The hotel that inspired The Shining might become a horror museum

Variety is reporting that The Stanley Hotel, the Colorado-based resort that served as the inspiration for Stephen King’s bestselling novel The Shining, might be getting partially transformed into a horror museum, courtesy of Elijah Wood and Simon Pegg. The two actors are both on the founding board of the Stanley Film Center, which hopes to transform the site into a museum, as well as a film archive and production studio. (The museum is currently the site of the Stanley Film Festival, an annual festival for horror.)

Not to be confused with the Timberline Lodge, where Stanley Kubrick filmed exteriors for his 1980 adaptation of King’s book, the mostly vacant Stanley inspired the nightmares that gave rise to the author’s work. Later recounting his experiences at the closing-for-the-season hotel—where he and his wife were the only guests, served dinner in an empty dining room while orchestral music played over the speakers—King told interviewers, “I mean, it was like God had put me there to hear that and see those things.”
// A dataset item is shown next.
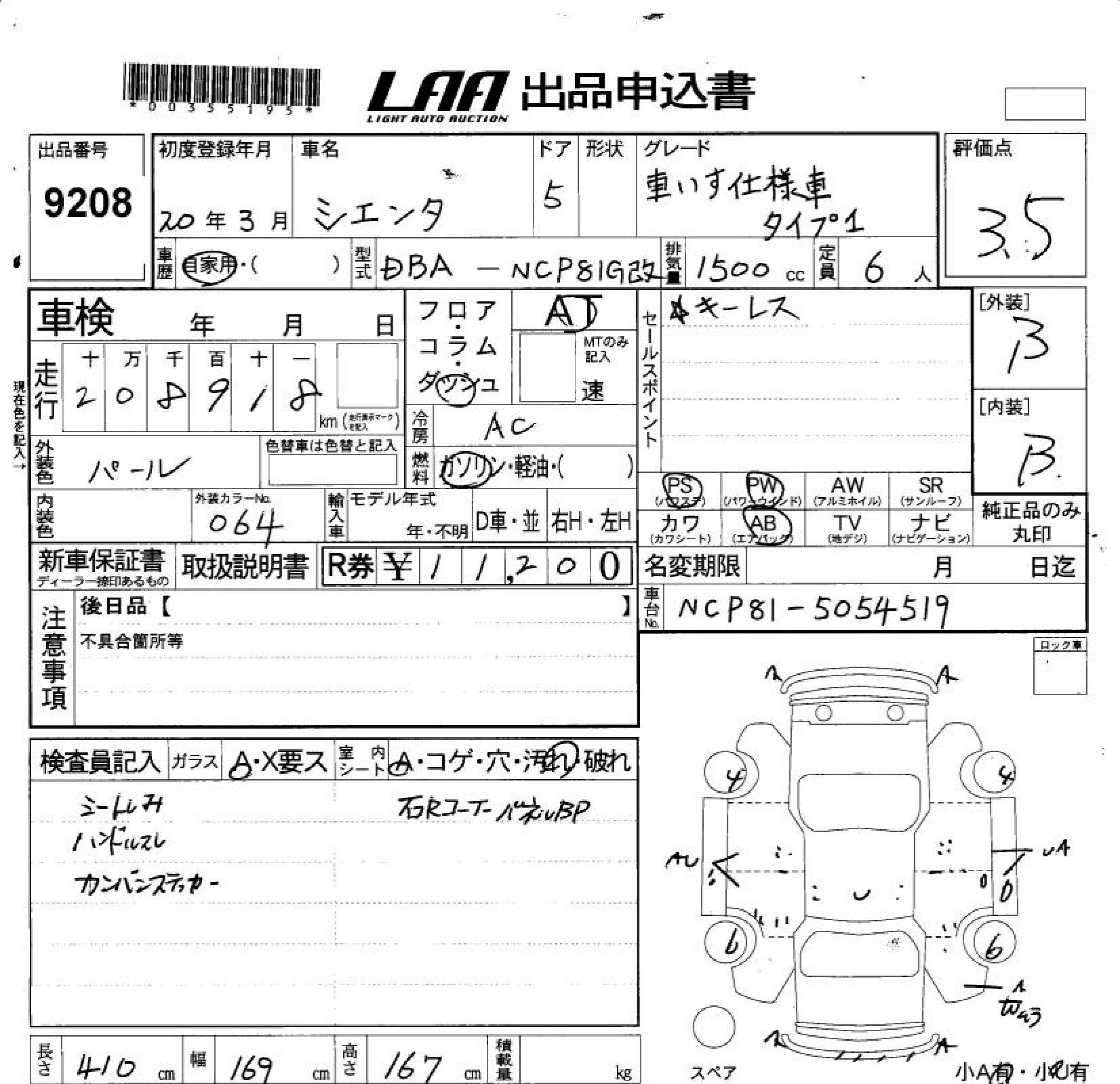 TOYOTA SIENTA WHEELCHAIR SPECIFICATION CAR TYPE 1 - лот 9208

The Stanley Film Center is currently seeking funds to make the Center a reality; it’s hoped that the museum and the hotel’s association with King will drive tourism to the site. (If it works, we can only hope for other King-based attractions, like an It-themed sewer ride where everything floats, or The Dark Tower: a 70-hour, grueling slog that ends with a kick to the teeth before depositing you exactly where you first began.)